Disruptive papers - A novel bibliometric tool not yet ready for primetime in pediatric urology

J Pediatr Urol. 2024 Nov 18:S1477-5131(24)00606-5. doi: 10.1016/j.jpurol.2024.11.011. Online ahead of print.

Abstract

Background: Historically, word of mouth, total citation count, H-index, and expert opinion were some of the primary metrics used to identify the most influential papers. This method is subject to significant bias. The disruption score was initially created with the intent of measuring the degree to which a publication introduces a new idea, is repeatedly referenced and may be used as an additional publication evaluation metric.

Objective: To use disruptive score, a novel bibliometric index to identify influential papers in pediatric urology.
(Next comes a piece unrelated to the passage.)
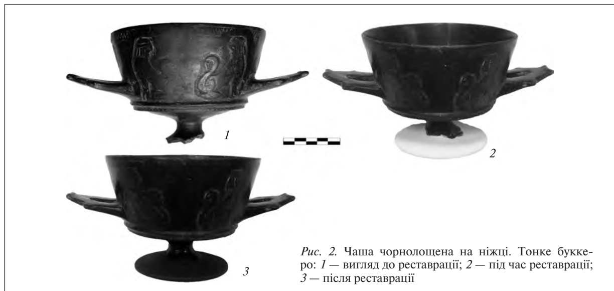
Рис. 2. Чаша чорнолошена на ніжці. Тонке буккоро: 1 — вигляд до реставрації; 2 — під час реставрації; 3 — після реставрації

У січні 1924 р. до інвентарної книги Першого державного музею (нині Національний му-

Methods: A customized search was executed using PubMed to identify papers from NEJM, JAMA, European Urology, Journal of Urology, Urology, Journal of Pediatric Urology, and Journal of Pediatric Surgery between 1954 to 2022 to identify pediatric urology related publications. Once accrued, all papers collected were run through a validated data set to identify a disruption score, where the 50 most disruptive papers were identified. The disruption score ranged from 1 to -1, with a positive score representing papers that are disruptive (challenge current knowledge), whereas a negative score represents developmental papers (help support previous publications). The 50 most disruptive papers were then cross referenced with the NIH iCite tool to identify how many times the article was cited and then the most disruptive articles and the most cited articles were compared.

Results: In total, 12,085 articles were identified and included. The database for analysis of disruption score included articles published from 1954 to 2014, leaving a total of 6544 of the papers for which a disruption score was calculated. Most of the articles identified were published in the Journal of Urology (n = 32) and Journal of Pediatric Surgery (n = 15). Fourteen of the top 50 papers were published prior to 1980 and 7 after 2000. Of the 35 total articles with iCite data available, only 8 articles had greater than 100 total citations.

Discussion: Many of the most disruptive articles identified did not have a large number of citations, highlighting the need to look beyond citation counts when assessing article importance. While this method was able to highlight some lesser-known articles, it does not appear that these citations are all highly impactful, which may be due to the relative youth of the field.

Conclusion: Disruption score provides a new way to assess the impact of publications within the field of pediatric urology. While novel, we feel this metric should be used with caution in pediatric urology at this time.

Keywords: Bibliometric; Pediatric; Urology.